**Raw data**
____________________

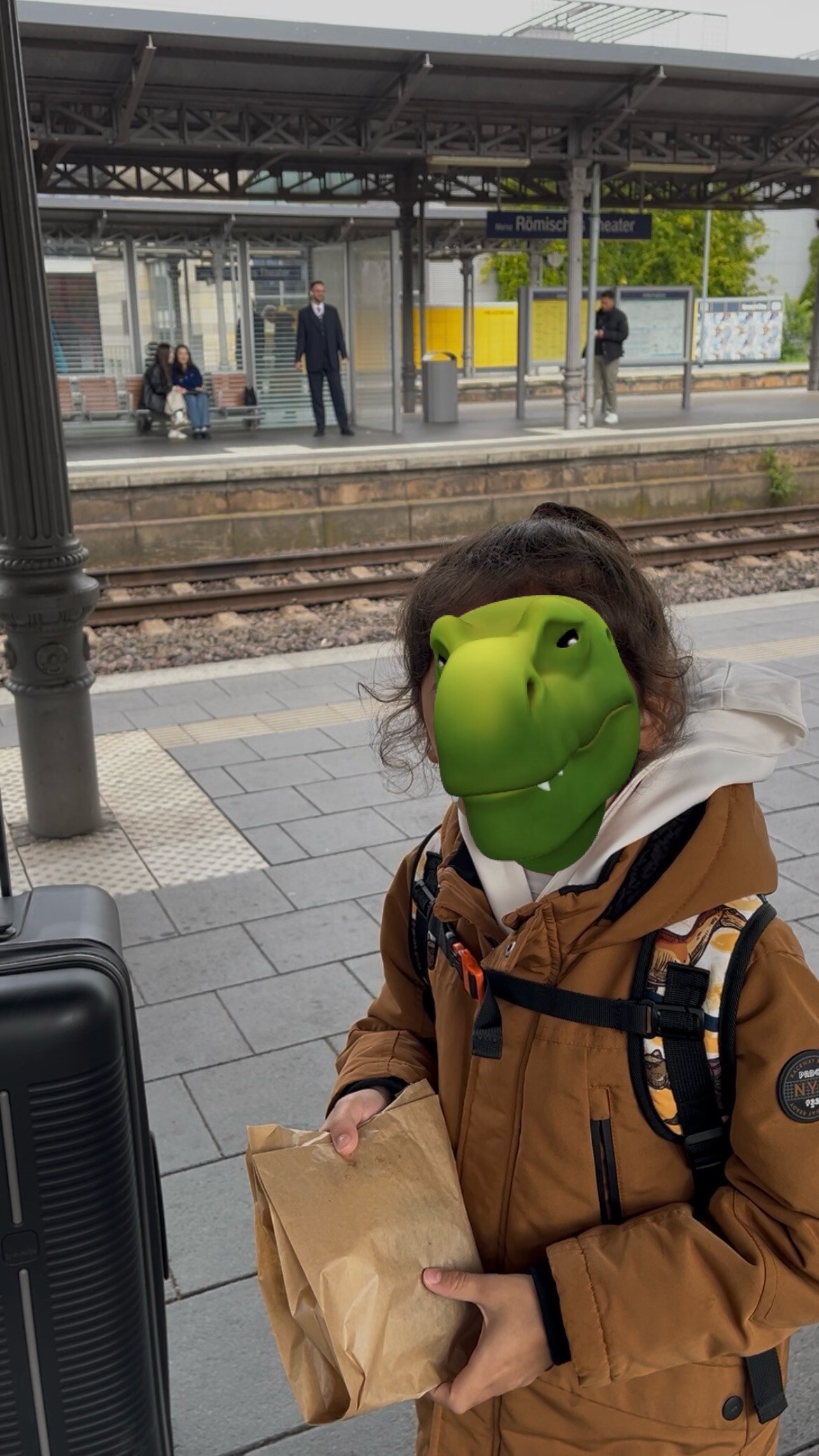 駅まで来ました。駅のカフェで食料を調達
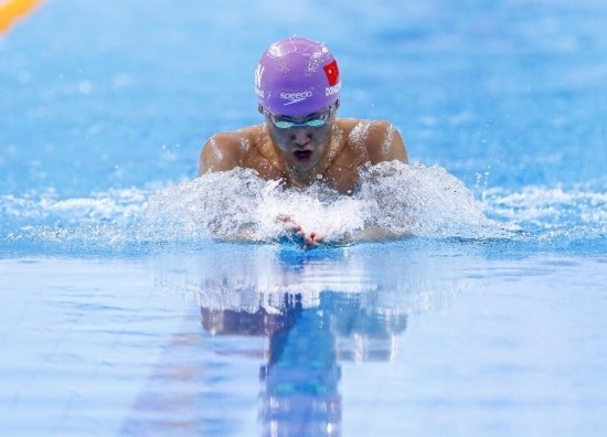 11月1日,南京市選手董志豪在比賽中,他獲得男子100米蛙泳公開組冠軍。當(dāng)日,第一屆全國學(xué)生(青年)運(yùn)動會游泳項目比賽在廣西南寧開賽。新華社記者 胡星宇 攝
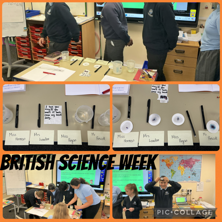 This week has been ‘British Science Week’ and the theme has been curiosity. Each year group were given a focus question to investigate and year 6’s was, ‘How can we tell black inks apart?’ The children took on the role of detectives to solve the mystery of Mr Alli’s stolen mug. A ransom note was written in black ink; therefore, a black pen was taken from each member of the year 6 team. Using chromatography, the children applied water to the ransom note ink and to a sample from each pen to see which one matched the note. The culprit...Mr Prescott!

____________________

Give back the material above exactly, with each picture removed.

 駅まで来ました。駅のカフェで食料を調達
 11月1日,南京市選手董志豪在比賽中,他獲得男子100米蛙泳公開組冠軍。當(dāng)日,第一屆全國學(xué)生(青年)運(yùn)動會游泳項目比賽在廣西南寧開賽。新華社記者 胡星宇 攝
 This week has been ‘British Science Week’ and the theme has been curiosity. Each year group were given a focus question to investigate and year 6’s was, ‘How can we tell black inks apart?’ The children took on the role of detectives to solve the mystery of Mr Alli’s stolen mug. A ransom note was written in black ink; therefore, a black pen was taken from each member of the year 6 team. Using chromatography, the children applied water to the ransom note ink and to a sample from each pen to see which one matched the note. The culprit...Mr Prescott!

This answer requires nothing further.